Геннадий Тарасович ответил с готовностью, сделав даже шажок вперед:
– Сегодня, Иван Дмитриевич! Операция называется «Мрак и туман XXI». Это у них так заведено, такой, знаете ли, стиль. По принципу «плащ и шпага». Первым – онкологический институт наш, потом психиатрическая клиника и так далее. Все больницы и, разумеется, евреи по списку. В специальных автофургонах…
В воздухе он руками изобразил автофургон.
– И именно с вами все согласовали? – учтиво спросил Иван Дмитриевич. Все эти и прочие подробности?
– Иван Дмитриевич, – переходя на доверительный тон и вдруг на что-то понадеявшись, воскликнул Жовтяк, – поймите же меня в конце концов: в условиях тирании активное сопротивление захватчикам можно осуществлять, только делая вид, что совершенно лоялен и даже полностью на их стороне. Открыто выступать против введенного ими режима – глупость! Да, да, я думал об этом, размышлял! Допустим, я сознательно иду на смерть, принимаю, так сказать, венец терновый. И что? Любое мученичество канет в Лету, потому что имя мое будет запрещено упоминать. Так для чего же…
– Я у вас не о том спрашивал, – перебил Постников. – Мне эти ваши пошлости не интересны. Я у вас спрашивал – согласовывали ли с вами они все подробности того, что там именуется «акцией»?
– А как же? Непременно! То есть я, конечно, только в курсе, у меня голос ведь совещательный…
– Совещательный! – машинально глуховатым голосом повторил Постников; ладонь левой руки он прижал к виску, а правой рукой держал пистолет стволом книзу. – И вы ничего не могли сделать? Вы не могли немедленно хоть меня предупредить? Ведь мы бы… ну хоть кого-то спасли, унесли, украли, утащили. Мы бы… да хоть тот же Ганичев? Вы же знали, что я прооперировал Федора Владимировича, резецировал ему желудок, вы знаете, что метастазов не было, а теперь выходит – Ганичева отправят в душегубку, отравят, уничтожат? Так? А он – ученый, он всем нам не чета, он…

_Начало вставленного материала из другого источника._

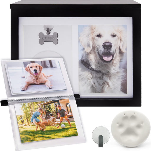 Honor the memory of your treasured companion with our handcrafted Wooden Memorial Dog Urn with paw print clay for personalization, a dignified and ...
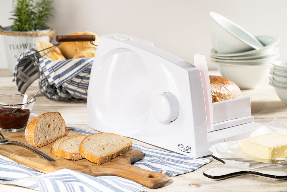 Kompaktowa, bezpieczna, łatwa do złożenia - taka właśnie jest krajalnica ADLER AD 4703. Mocne tworzywo sztuczne, z którego została wykonana, ułatwia transport.
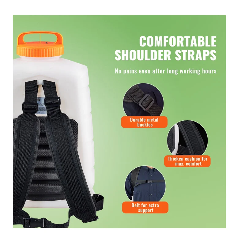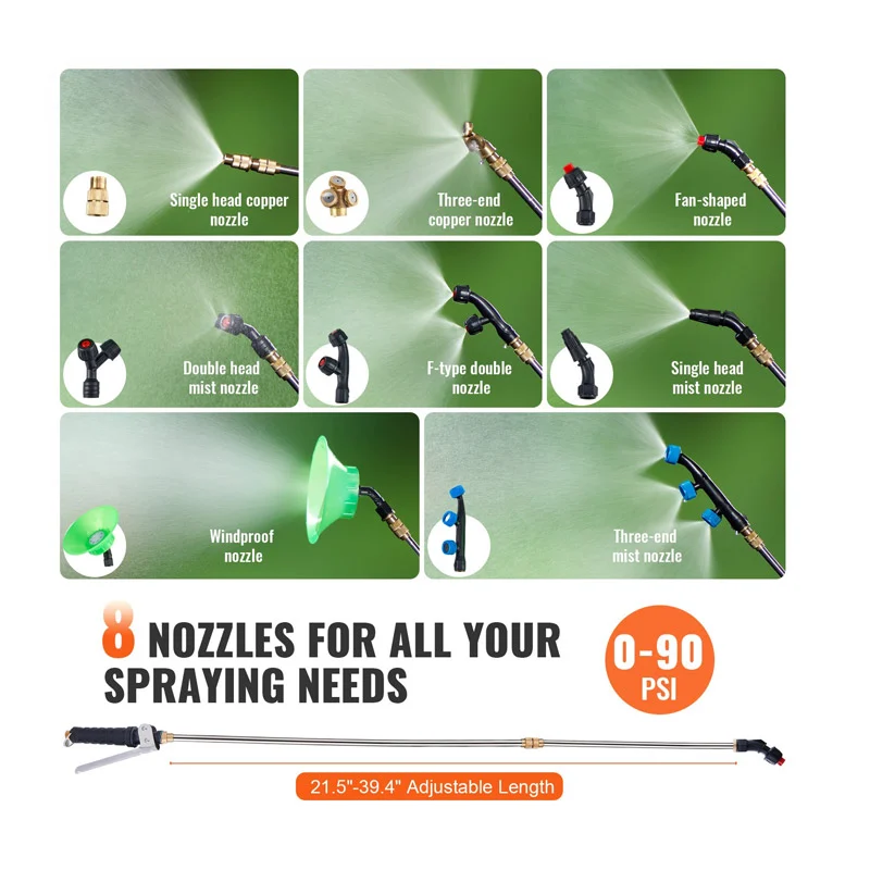 Ο ψεκαστήρας διαθέτει 8 ακροφύσια και 2 ράβδους, δίνοντάς σας περισσότερες επιλογές για να επιλέξετε τον τρόπο ψεκασμού. Το μεταλλικό ραβδί διαθέτει ρυθμιζόμενο μήκος 54.5 – 100 cm και το πλαστικό ραβδί είναι κατάλληλο για λευκαντικούς παράγοντες και άλλα διαβρωτικά υγρά. Η πίεση του νερού μπορεί να ρυθμιστεί εύκολα από 0 έως 90 PSI μέσω του κουμπιού. Εξοπλισμένος επίσης με ιμάντα ώμου για μέγιστη άνεση και φορητότητα. Οι διευρυμένοι ιμάντες και το μαξιλάρι που προστίθενται στην πλάτη βελτιώνουν την απαλότητα και την άνεση.

– Он отказался сотрудничать! – грозя Постникову пальцем, сказал Жовтяк. – Я не в состоянии был, в конце концов! Я не могу из-за каждого…
Худое, изжелта-бледное лицо Постникова дрогнуло; словно делая над собою величайшее усилие, он произнес:
– Не знаю как! Именем кого? Именем моей хирургии, что ли? – Он вдруг высоко вскинул пистолет.
– Ай! – крикнул Жовтяк. – Ай, Иван Дмитриевич! Ай! Я умоляю…
Выстрелил Постников сидя, и когда Жовтяк, тяжело громыхнув головой о комод, затих навечно, Иван Дмитриевич поднялся, подошел к письменному столу, вырвал из блокнота, где поименованы были все звания Жовтяка, лист, подумал, потом размашисто написал на нем: «Смерть немецким оккупантам», аккуратно положил записку на мертвеца и, сунув пистолет в карман, долго застегивал в прихожей пуговицы старенькой, видавшей виды бекеши.
Ночь была черная, безлунная и беззвездная, и морозный туман висел в черных развалинах города, когда доктор Постников, шепотом разговаривая сам с собой, шел в онкологический институт. Теперь им, больным и выздоравливающим, уже невозможно было ничем помочь, но ум Постникова лихорадочно и мучительно все-таки искал выхода. Он знал, что Ганичев поправится, он был уверен, что операция прошла удачно, и то, что ученый, возвращенный им к жизни, будет теперь так зверски уничтожен, невыносимой мукой терзало его душу. И Ганичев, и все другие, вся больница, все палаты, все койки…
«Мрак и туман», – думал он, оскальзываясь тонкими, сношенными подошвами сапог, – мрак и туман, и нет выхода!"
«Может быть, сейчас отвести Ганичева к себе домой?» – спросил Постников себя, подходя к онкологическому институту, и тотчас же понял, что увести не удастся, так как возле парадной прохаживался немецкий солдат с автоматом, в каске и подшлемнике.
Солдат окликнул его и, вскинув автомат на руку, проверил пропуск с подписью Жовтяка, посветил фонариком в лицо Ивану Дмитриевичу, сличая его с фотографией, и кивнул – можно проходить!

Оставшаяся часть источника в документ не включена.